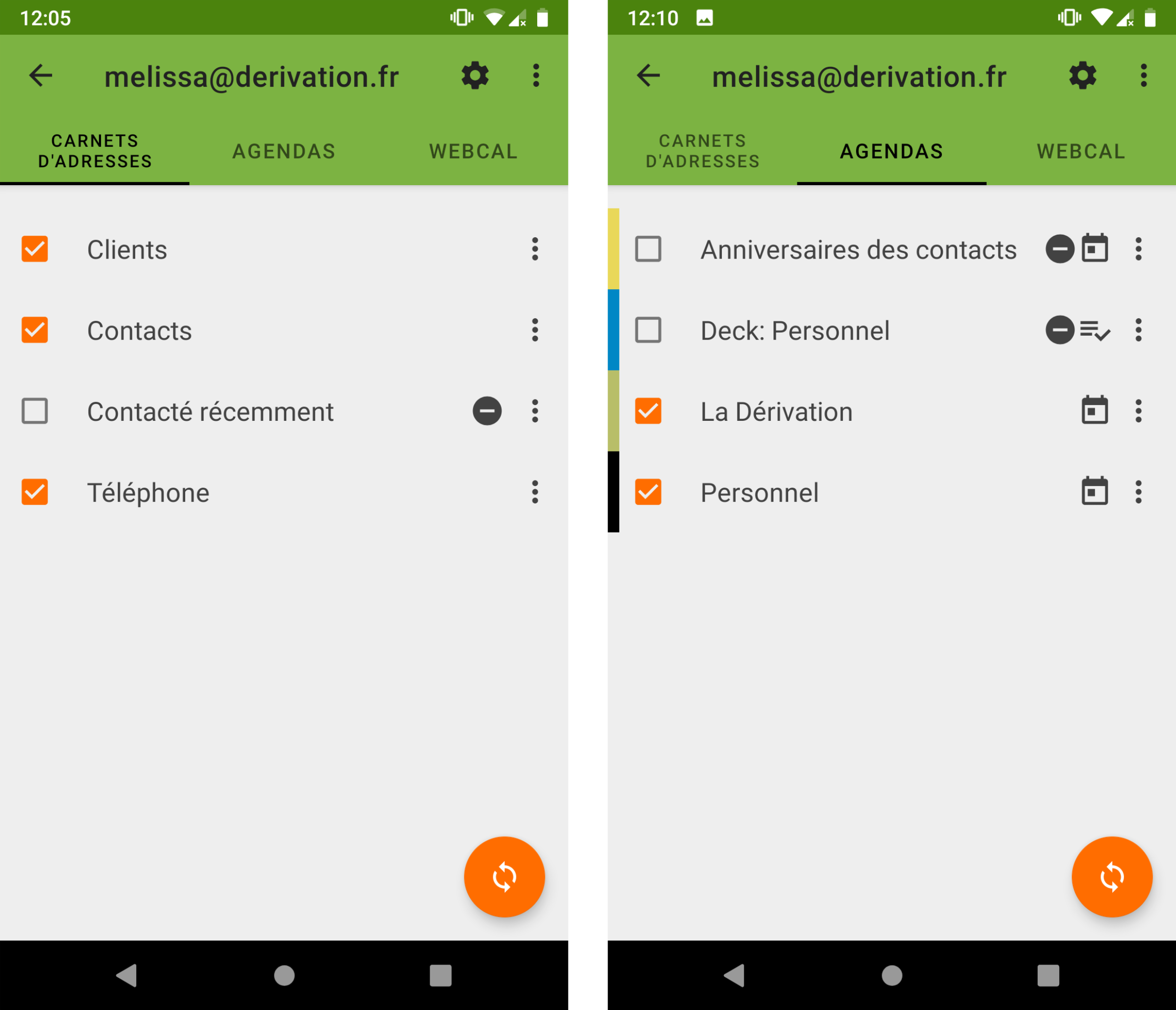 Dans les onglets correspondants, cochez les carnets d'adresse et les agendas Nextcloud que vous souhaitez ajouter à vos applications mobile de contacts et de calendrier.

--

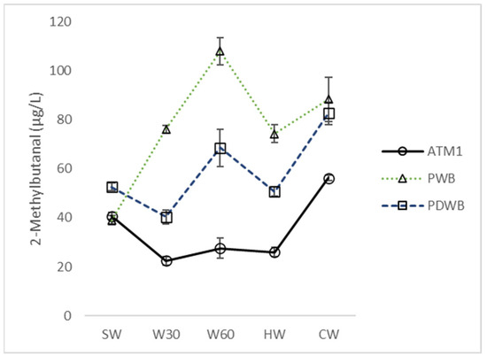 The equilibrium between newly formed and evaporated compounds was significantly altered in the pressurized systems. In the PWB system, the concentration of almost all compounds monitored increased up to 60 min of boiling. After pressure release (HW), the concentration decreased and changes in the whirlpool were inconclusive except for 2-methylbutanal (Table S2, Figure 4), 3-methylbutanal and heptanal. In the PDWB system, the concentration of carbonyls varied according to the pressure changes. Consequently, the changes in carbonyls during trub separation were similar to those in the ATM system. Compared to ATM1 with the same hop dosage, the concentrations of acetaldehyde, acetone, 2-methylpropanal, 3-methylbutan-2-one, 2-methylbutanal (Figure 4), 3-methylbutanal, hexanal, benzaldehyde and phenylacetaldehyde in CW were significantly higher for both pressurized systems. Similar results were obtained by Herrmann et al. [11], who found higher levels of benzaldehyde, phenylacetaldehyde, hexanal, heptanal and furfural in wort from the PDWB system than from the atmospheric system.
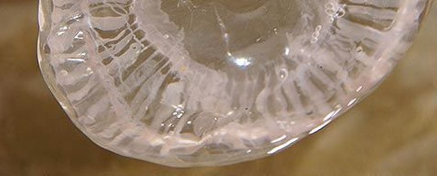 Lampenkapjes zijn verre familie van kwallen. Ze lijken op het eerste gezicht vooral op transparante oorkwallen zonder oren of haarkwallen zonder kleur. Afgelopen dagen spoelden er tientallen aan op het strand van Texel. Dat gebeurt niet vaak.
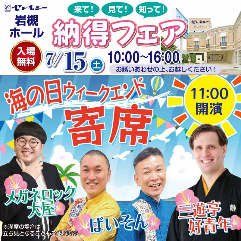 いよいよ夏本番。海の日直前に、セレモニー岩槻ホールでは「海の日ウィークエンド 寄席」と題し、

◆ **Activity**
Taking the material above, give again exactly the lines from the one holding "The equilibrium between" through the one holding "いよいよ夏本番。海の日直前に", with both ends and without pictures.

◆ **Answer to the exercise**
 The equilibrium between newly formed and evaporated compounds was significantly altered in the pressurized systems. In the PWB system, the concentration of almost all compounds monitored increased up to 60 min of boiling. After pressure release (HW), the concentration decreased and changes in the whirlpool were inconclusive except for 2-methylbutanal (Table S2, Figure 4), 3-methylbutanal and heptanal. In the PDWB system, the concentration of carbonyls varied according to the pressure changes. Consequently, the changes in carbonyls during trub separation were similar to those in the ATM system. Compared to ATM1 with the same hop dosage, the concentrations of acetaldehyde, acetone, 2-methylpropanal, 3-methylbutan-2-one, 2-methylbutanal (Figure 4), 3-methylbutanal, hexanal, benzaldehyde and phenylacetaldehyde in CW were significantly higher for both pressurized systems. Similar results were obtained by Herrmann et al. [11], who found higher levels of benzaldehyde, phenylacetaldehyde, hexanal, heptanal and furfural in wort from the PDWB system than from the atmospheric system.
 Lampenkapjes zijn verre familie van kwallen. Ze lijken op het eerste gezicht vooral op transparante oorkwallen zonder oren of haarkwallen zonder kleur. Afgelopen dagen spoelden er tientallen aan op het strand van Texel. Dat gebeurt niet vaak.
 いよいよ夏本番。海の日直前に、セレモニー岩槻ホールでは「海の日ウィークエンド 寄席」と題し、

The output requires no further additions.